Work item:
Could you restate all of the entries, word for word?

Task input:
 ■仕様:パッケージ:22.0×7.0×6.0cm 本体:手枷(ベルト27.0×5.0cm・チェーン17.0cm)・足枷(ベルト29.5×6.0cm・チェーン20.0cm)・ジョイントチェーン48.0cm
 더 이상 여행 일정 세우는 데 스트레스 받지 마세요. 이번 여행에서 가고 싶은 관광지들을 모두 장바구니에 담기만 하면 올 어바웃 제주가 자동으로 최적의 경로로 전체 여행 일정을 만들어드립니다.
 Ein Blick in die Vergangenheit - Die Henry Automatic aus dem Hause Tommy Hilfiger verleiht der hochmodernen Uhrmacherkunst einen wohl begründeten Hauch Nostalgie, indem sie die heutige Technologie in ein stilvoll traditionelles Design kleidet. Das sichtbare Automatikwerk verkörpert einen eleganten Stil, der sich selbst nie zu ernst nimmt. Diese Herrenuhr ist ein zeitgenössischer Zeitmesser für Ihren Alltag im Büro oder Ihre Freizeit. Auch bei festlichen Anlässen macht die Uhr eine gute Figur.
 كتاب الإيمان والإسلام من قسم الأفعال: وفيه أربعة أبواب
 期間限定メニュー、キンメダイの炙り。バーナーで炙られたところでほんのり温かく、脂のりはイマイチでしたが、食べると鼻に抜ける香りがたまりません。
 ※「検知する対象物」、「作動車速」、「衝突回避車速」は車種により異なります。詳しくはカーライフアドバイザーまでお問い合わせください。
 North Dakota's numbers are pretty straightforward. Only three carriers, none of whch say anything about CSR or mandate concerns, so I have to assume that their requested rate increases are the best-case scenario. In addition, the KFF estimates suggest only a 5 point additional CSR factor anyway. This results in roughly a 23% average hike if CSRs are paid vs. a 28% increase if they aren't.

Reply:
 ■仕様:パッケージ:22.0×7.0×6.0cm 本体:手枷(ベルト27.0×5.0cm・チェーン17.0cm)・足枷(ベルト29.5×6.0cm・チェーン20.0cm)・ジョイントチェーン48.0cm
 더 이상 여행 일정 세우는 데 스트레스 받지 마세요. 이번 여행에서 가고 싶은 관광지들을 모두 장바구니에 담기만 하면 올 어바웃 제주가 자동으로 최적의 경로로 전체 여행 일정을 만들어드립니다.
 Ein Blick in die Vergangenheit - Die Henry Automatic aus dem Hause Tommy Hilfiger verleiht der hochmodernen Uhrmacherkunst einen wohl begründeten Hauch Nostalgie, indem sie die heutige Technologie in ein stilvoll traditionelles Design kleidet. Das sichtbare Automatikwerk verkörpert einen eleganten Stil, der sich selbst nie zu ernst nimmt. Diese Herrenuhr ist ein zeitgenössischer Zeitmesser für Ihren Alltag im Büro oder Ihre Freizeit. Auch bei festlichen Anlässen macht die Uhr eine gute Figur.
 كتاب الإيمان والإسلام من قسم الأفعال: وفيه أربعة أبواب
 期間限定メニュー、キンメダイの炙り。バーナーで炙られたところでほんのり温かく、脂のりはイマイチでしたが、食べると鼻に抜ける香りがたまりません。
 ※「検知する対象物」、「作動車速」、「衝突回避車速」は車種により異なります。詳しくはカーライフアドバイザーまでお問い合わせください。
 North Dakota's numbers are pretty straightforward. Only three carriers, none of whch say anything about CSR or mandate concerns, so I have to assume that their requested rate increases are the best-case scenario. In addition, the KFF estimates suggest only a 5 point additional CSR factor anyway. This results in roughly a 23% average hike if CSRs are paid vs. a 28% increase if they aren't.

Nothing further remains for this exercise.